◆ Data records ◆
━━━━━━━━━━━━━━━━━━━━

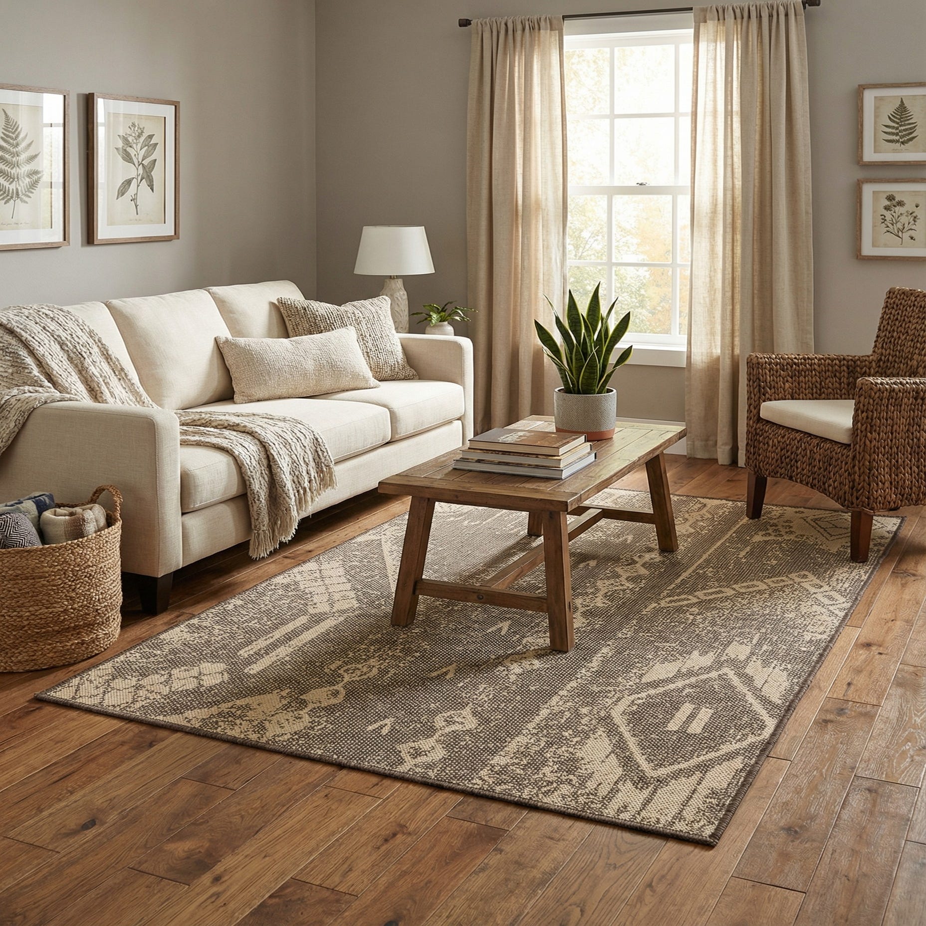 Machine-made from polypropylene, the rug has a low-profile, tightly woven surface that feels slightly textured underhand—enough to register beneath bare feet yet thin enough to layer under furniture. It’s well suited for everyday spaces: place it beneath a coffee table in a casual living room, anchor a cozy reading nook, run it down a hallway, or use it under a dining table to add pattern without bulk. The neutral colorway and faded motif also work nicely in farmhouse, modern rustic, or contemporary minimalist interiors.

━━━━━━━━━━━━━━━━━━━━

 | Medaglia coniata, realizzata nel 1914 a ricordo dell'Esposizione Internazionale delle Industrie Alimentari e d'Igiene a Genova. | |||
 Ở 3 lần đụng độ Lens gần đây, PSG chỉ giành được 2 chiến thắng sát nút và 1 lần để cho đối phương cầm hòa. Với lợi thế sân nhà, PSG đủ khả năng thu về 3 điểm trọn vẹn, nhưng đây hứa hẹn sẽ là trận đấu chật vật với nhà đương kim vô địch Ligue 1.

━━━━━━━━━━━━━━━━━━━━

◆ Assignment ◆
Please give back exactly the lines of this listing beginning at the line with "Genova. | |||" and ending with the line with "Ở 3 lần đụng", both included, and nothing else.

◆ Result of the task ◆
 | Medaglia coniata, realizzata nel 1914 a ricordo dell'Esposizione Internazionale delle Industrie Alimentari e d'Igiene a Genova. | |||
 Ở 3 lần đụng độ Lens gần đây, PSG chỉ giành được 2 chiến thắng sát nút và 1 lần để cho đối phương cầm hòa. Với lợi thế sân nhà, PSG đủ khả năng thu về 3 điểm trọn vẹn, nhưng đây hứa hẹn sẽ là trận đấu chật vật với nhà đương kim vô địch Ligue 1.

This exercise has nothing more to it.